— О, Владимир Андреевич, как я рад тебя видеть! Башка покачивался, от него несло перегаром, под глазами лежали синие тени. Он попытался придать своему помятому лицу счастливое выражение.
— Привет, Башка.
— А товарища твоего что-то не узнаю.
— Еще узнаешь, — успокоил его Косарев. В комнате, пригласив незваных гостей сесть, Башка как бы невзначай положил газету на край стола. Мартынов заметил этот маневр, приподнял газету и ткнул пальцем в три хрустящих стодолларовых купюры нового образца.
— Откуда?
— Да так, отдают люди старые долги.
— Как живешь-то, Башка?
— Неплохо. Бабулька жива.
— Все так же пьет?
— Этим и держится.
— Все по карманам лазишь?
— Ни в коем случае.
Башка изложил ту же историю о барахолке, которую недавно рассказывал Матросу.
— Да, такие люди оставляют промысел.
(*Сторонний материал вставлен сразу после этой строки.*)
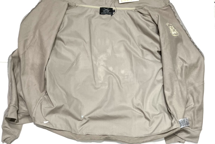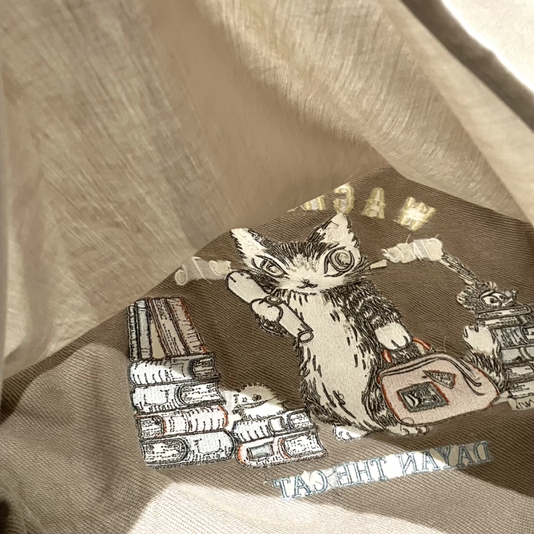 背裏にだけ刺繍の保護と綺麗な仕上げの為に裏地を付けていますので、暖かさも満足の1枚です。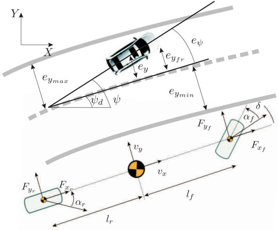 The simple kinematic vehicle model is used for simpler control of the vehicle dynamics during avoidance screenplay. Then, the single track vehicle model characterizing planar vehicle motion is depicted in Figure 3.

Скоро совсем профессия измельчает, — вздохнул Мартынов.
— Точно говоришь, товарищ начальник. Раньше какие люди были. Какие времена. Какие бригады сколачивали. Какие понты на гастролях держали.
— Было дело.
— Я ведь еще с Коротышкой Аденауэром работал.
Слышал о нем? .
— Как не слышать.
— Живая легенда!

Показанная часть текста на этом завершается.